Well I got the wiring straigtened out and I'm getting a good strong spark. I've got the hood sat on with the fuel hooked up. Now this is the first start attemp after a total overhaul. When I crank it sounds like it is sort of firing and there is fuel getting to carb. It is puffing and popping hear and there. The manifold is getting warm but it absolutely will not start. I thought maybe it was flooded but it doesnt seem to be. I have no idea what to try next. This is not a good feeling after totally overhauling this thing.

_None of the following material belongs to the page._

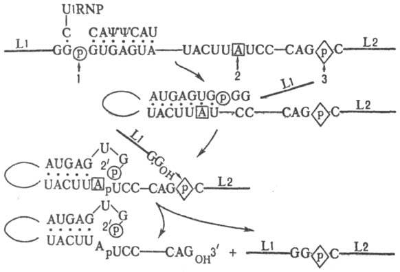 Сплайсинг пре-мРНК, находящихся в ядре, происходит в составе специфич. нуклеопротеидных частицах (сплайсомах). Обычно сплайсингу подвергается кэпированная полиаденилированная линейная пре-мРНК. К.-л. строгого порядка для удаления множественных интронов из пре-мРНК не наблюдается, хотя удаление одних интронов может происходить быстрее, чем других. Сплайсинг происходит исключительно в ядре; несплай-сированная РНК остается в ядре и деградирует. Однако если пре-РНК содержит интрон, к-рый может участвовать в альтернативном пути сплайсинга (см. ниже), то она м. б. транспортирована в цитоплазму. Сплайсинг ядерных пре-мРНК происходит обычно по границам интронов, к-рые содержат на концах динуклеотиды 5'-GU и AG-3' (A, G и U-соотв. остатки аденозина, гуанозина и уридина; правило Шамбо-на). Известно только неск. исключений, когда вместо GU расположен динуклеотид GC (С-остаток цитидина). Рядом с этими динуклеотидами расположены т. наз. консенсусные· последовательности, к-рые имеют близкое строение у разл. пре-мРНК. Общая схема сплайсинга ядерных пре-мРНК показана на рис. 2.

Any help or idea is appreciated, Thanks, Jason


----------



## dawzie (Oct 2, 2008)

was it a complete rebuild ??

Things needed to make it run
compression
spark
air 
fuel

sounds like it might be a timing thing

are the wires on the correct plugs ?
distrubutor installed right ?
cam timing ?


----------



## hesborn2fly (Oct 20, 2008)

Yep, complete rebuild. The book is somewhat confusing on the timing process for these things, however the plugs are on the right ones, distributer seems to be installed correctly, cam gear and crank gear were lined up like the book said. I am new at this and timing these things is a bit confusing.

Thanks for the help


----------



## dawzie (Oct 2, 2008)

I once rebuilt a small block chevy and could not make that thing run.#[email protected]$: 

Come to find out I assumed the dist. turned one way and it was the other way :duh:


----------



## Live Oak (Dec 22, 2003)

Sounds like the timing may need to be advanced a bit. You will have to try and experiment with different setting and see which works best.


----------



## hesborn2fly (Oct 20, 2008)

I had the machine shop set the cam and do a complete valve job installing all the new valve parts. When I put the crank back in I just aligned the mark on the crank gear to the one on the cam gear. Is there any way that got completely screwed up? If so this could really be a mess. Thanks for the replies


----------



## james66 (Feb 27, 2006)

i would pull number 1 plug bring it up to top dead center take cap off distributer see if it's pointed at number 1 plug if not pull distributer and drop back in to number 1 plug and put cap back on and try and start it ggod luck james


----------



## hesborn2fly (Oct 20, 2008)

Thanks for the help, I wont be able to mess with it till thursday but ill update with what I find.


----------



## MFreund (May 2, 2008)

Make sure when checking # 1 you are coming up on compression stroke not exhaust stroke!!


----------